All lines from the opening of the material up to and including the line with "Нарезать киви и яблоки." should be transcribed exactly, pictures excepted.

◆ Supplied material:
════════
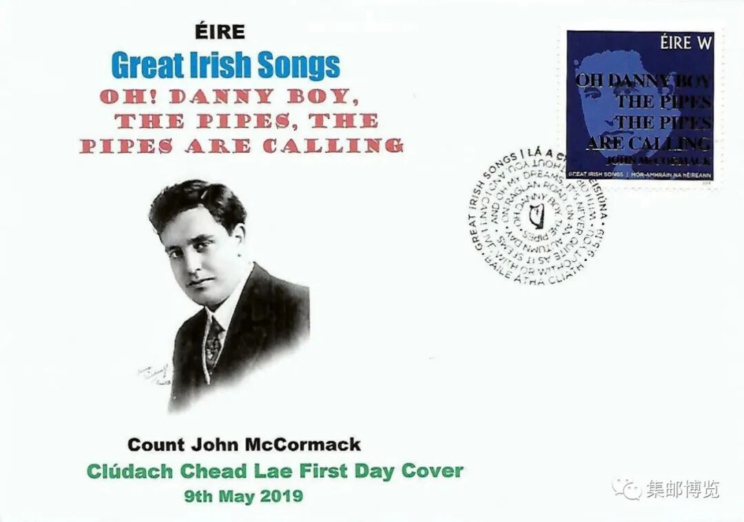 第3枚邮票“约翰·麦科马克《丹尼男孩》”为W类邮资,主图呈现了约翰·麦科马克的肖像,所附文字为歌曲的第一句歌词“哦,丹尼男孩,笛声正在召唤”。《丹尼男孩》又称“伦敦德里小调”,是一首在爱尔兰已传唱百年的民谣,其背景故事版本较多,主要围绕父子别离展开。后来,歌曲的歌词由3段增加到4段,从而形成了忧郁与缱绻交织的特点。约翰·麦科马克(1884.6.14-1945.9.16),爱尔兰著名男高音歌唱家,擅长歌剧和流行音乐,因对音乐界贡献突出而获得诸多荣誉和勋章,其演唱的《丹尼男孩》深受民众喜爱。
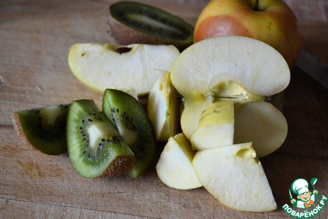 Нарезать киви и яблоки.
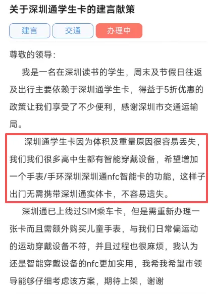 近日,有深圳学生反映称,使用深圳通学生卡出行,携带不便容易遗失。如今很多学生都有智能穿戴设备,希望深圳通学生卡增加一个手表/手环nfc的功能,这样出门无需带实体卡。
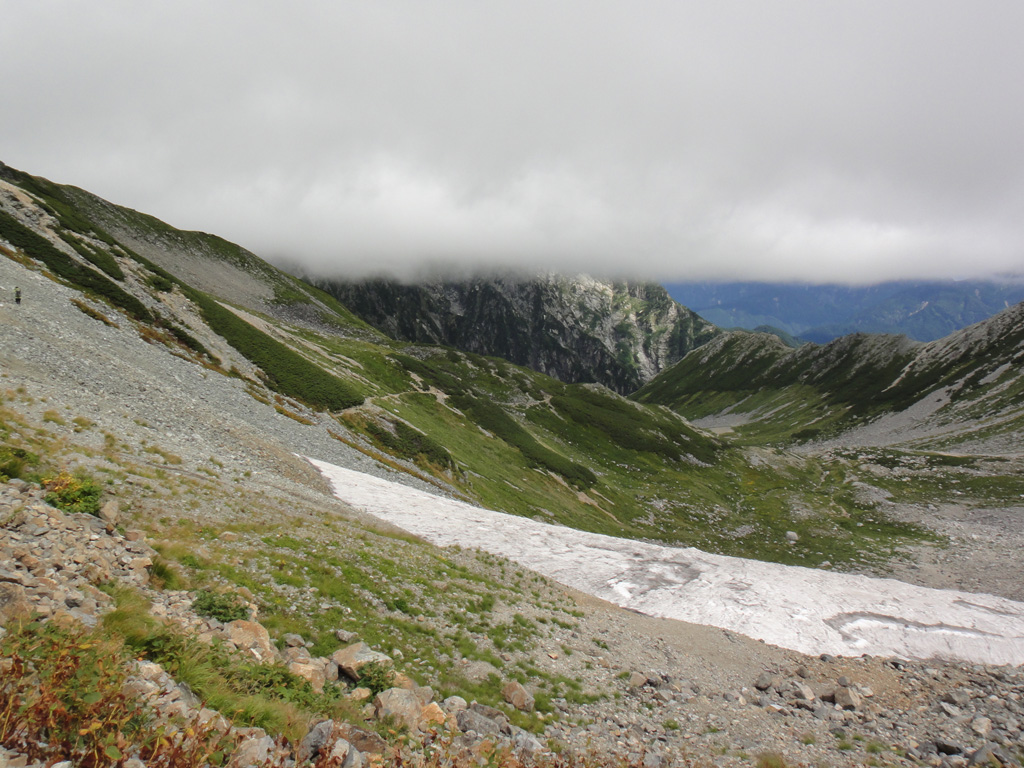 昼食を終えてすぐに出発.「カール」と呼ばれる氷河が削ったUの字型の谷です.夏には大きな雪渓になっていたのですが、今はほとんど溶けてしまっています.そして視線から上は雲です.
════════
◆ Reply:
 第3枚邮票“约翰·麦科马克《丹尼男孩》”为W类邮资,主图呈现了约翰·麦科马克的肖像,所附文字为歌曲的第一句歌词“哦,丹尼男孩,笛声正在召唤”。《丹尼男孩》又称“伦敦德里小调”,是一首在爱尔兰已传唱百年的民谣,其背景故事版本较多,主要围绕父子别离展开。后来,歌曲的歌词由3段增加到4段,从而形成了忧郁与缱绻交织的特点。约翰·麦科马克(1884.6.14-1945.9.16),爱尔兰著名男高音歌唱家,擅长歌剧和流行音乐,因对音乐界贡献突出而获得诸多荣誉和勋章,其演唱的《丹尼男孩》深受民众喜爱。
 Нарезать киви и яблоки.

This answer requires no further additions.